Effect of vacuum–vibration–compaction molding on the properties and performances of polymer-modified cementitious material

Abstract

The addition of polymers to cementitious materials can significantly enhance the water resistance of building structures operating under complex environments. The organic-inorganic cross-linked network established between the functional groups of polymers and inorganic materials significantly influences the properties of the matrix material. However, the gas-entrapping effect of polymers can have a detrimental effect on the pore structure of the paste, and the degree of organic-inorganic chemical reaction can impose a limitation on the use of polymers in cementitious materials. In this study, the vacuum-vibration-compaction (VVC) molding method was employed to improve the pore structure of the cement paste and to encourage organic-inorganic chemical reactions. The addition of the polymer did not significantly harm the pore structure compared to the paste obtained through the ordinary molding method.
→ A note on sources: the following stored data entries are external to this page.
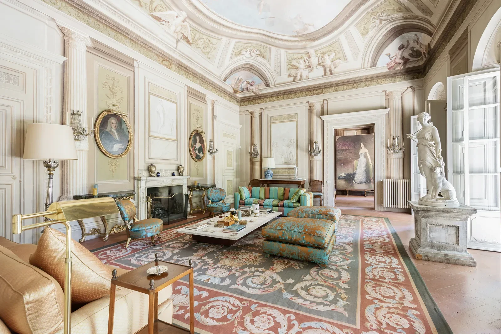 Το διαμέρισμα των 1.100 τ.μ. ανοίγει τις πόρτες του σε μια μεγαλοπρέπεια που συνδυάζει αναγεννησιακή αρχιτεκτονική και την ιταλική φινέτσα. Σαλόνια με ζωγραφισμένα ταβάνια και επιβλητικά τζάκια διαδέχονται αίθουσες υποδοχής, ενώ η βιβλιοθήκη λειτουργεί σαν πνευματικό καταφύγιο γεμάτο φως. Η είσοδος οδηγεί σε έναν από τους σπάνιους κήπους 700 τ.μ., πραγματικό θησαυρό μέσα στην πόλη. Στο ισόγειο, οι 300 τ.μ. της κάβας αποτελούν έναν χώρο ευέλικτο, έτοιμο να προσαρμοστεί σε σύγχρονες ανάγκες, από wine cellar μέχρι wellness area ή ιδιωτικό cinema.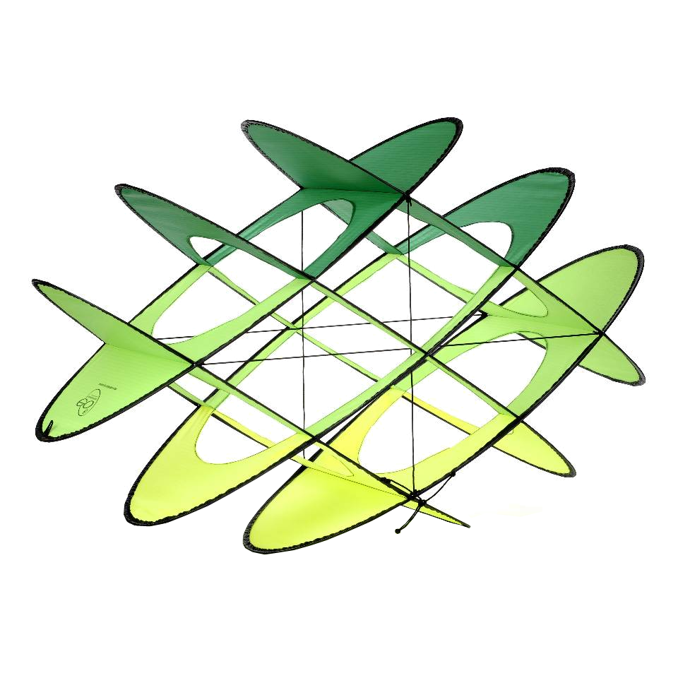 Like an irresistible lure, the Prism EO6 Kite (Expandable Object) box kite always attracts a crowd. The original brainchild of Phil McConnachie, internationally acclaimed Australian designer, the EO6 is a dynamic box kite that flies stable like a traditional single-liner, or tug on the line and it becomes a playful tumbler with a fascinating range of tricks. Its intersecting elliptical planes are completely unique and eye-catching in the sky, and best of all there’s literally no assembly required. The expandable structure springs open with a built-in elastic as you remove it from its clasp. Just find a little wind, pop it open, and watch it soar and tumble as it climbs into the sky. Amazingly durable and easy to fly for all ages, the EO6 can also be flown in multiples on a single string for a spectacular show.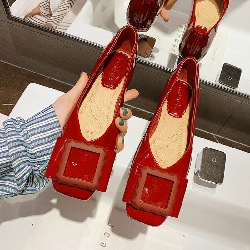 シングルシューズ女性2020春新バージョンスクエアバックル浅い口フラットスクープシューズネット赤い妖精風エンドウ豆靴女性の潮 部族の婦人靴4156967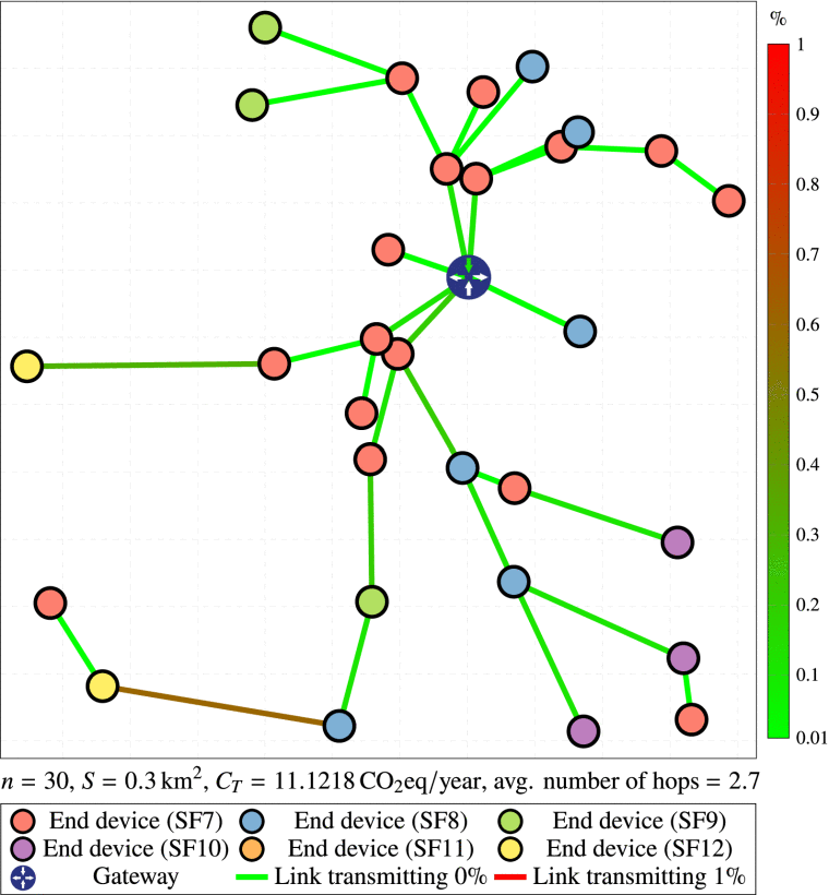 The Internet of Things (IoT) is gaining significant attention for its ability to digitally transform various sectors by enabling seamless connectivity and data exchange. However, deploying these networks is challenging due to the need to tailor configurations to diverse application requirements. To date, there has been limited focus on examining and enhancing the carbon footprint (CF) associated with these network deployments. In this study, we present an optimization framework leveraging machine learning techniques to minimize the carbon footprint (CF) associated with IoT multi-hop network deployments by varying the placement of the required gateways. Additionally, we establish a direct comparison between our proposed machine learning method and the integer linear program (ILP) approach. Our findings reveal that placing gateways using neural networks can achieve a 14% reduction in the reduction in the CF for simple networks compared to those not using optimization for gateway placement. The integer linear program (ILP) method could reduce the CF by 16.6% for identical networks, although it incurs a computational cost more than 250 times higher, which has its own environmental impact. Furthermore, we highlight the superior scalability of machine learning techniques, particularly advantageous for larger networks, as discussed in our concluding remarks.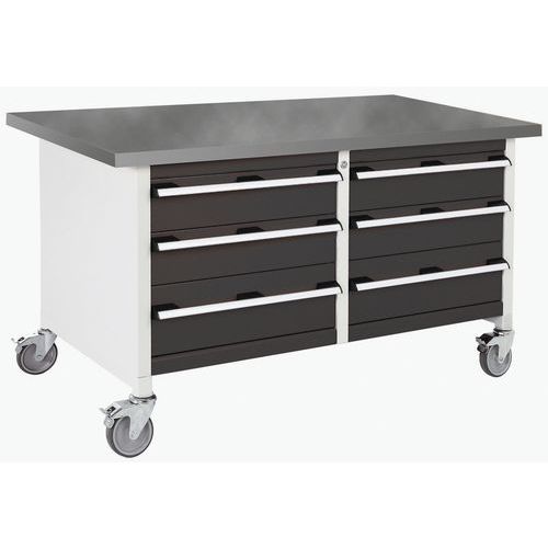 Mobilný dielenský stôl Bott Cubio Storage, 84 x 150 x 75 cm, 6 zásuviek, multiplex/linoleum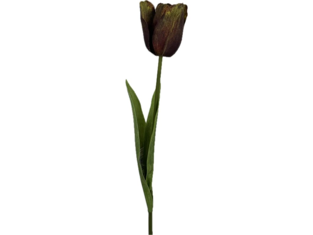 Umělý tulipán o délce 64 cm v tmavém vínovo-hnědém odstínu se zeleným tónováním. Elegantní a netradiční květina, která dodá aranžmá hloubku a výrazný charakter.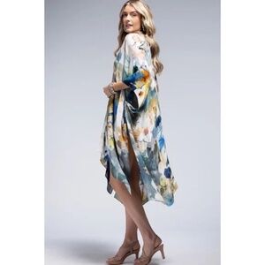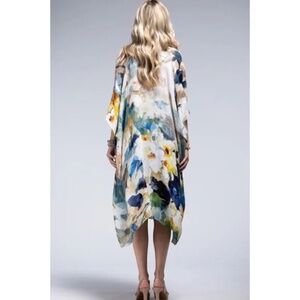 Lightweight kimono featuring a floral print that captures the essence of watercolor painting. The colors blend together seamlessly, creating an artistic and visually captivating effect. It is a truly beautiful and eye-catching piece of clothing.

Consequently, in the VVC molding method, the addition of 5 wt% polymer significantly raised the content of Ca(COOH)2, a product of organic-inorganic chemical reaction, by 40.1 % and amplified the molecular chain length of the C–S–H structure by 39.0 % compared to the ordinary molding method. Furthermore, the polymer reduced water absorption by up to 66.0 %. Therefore, the VVC molding method can enhance waterproof of cementitious materials more efficiently with the use of polymers.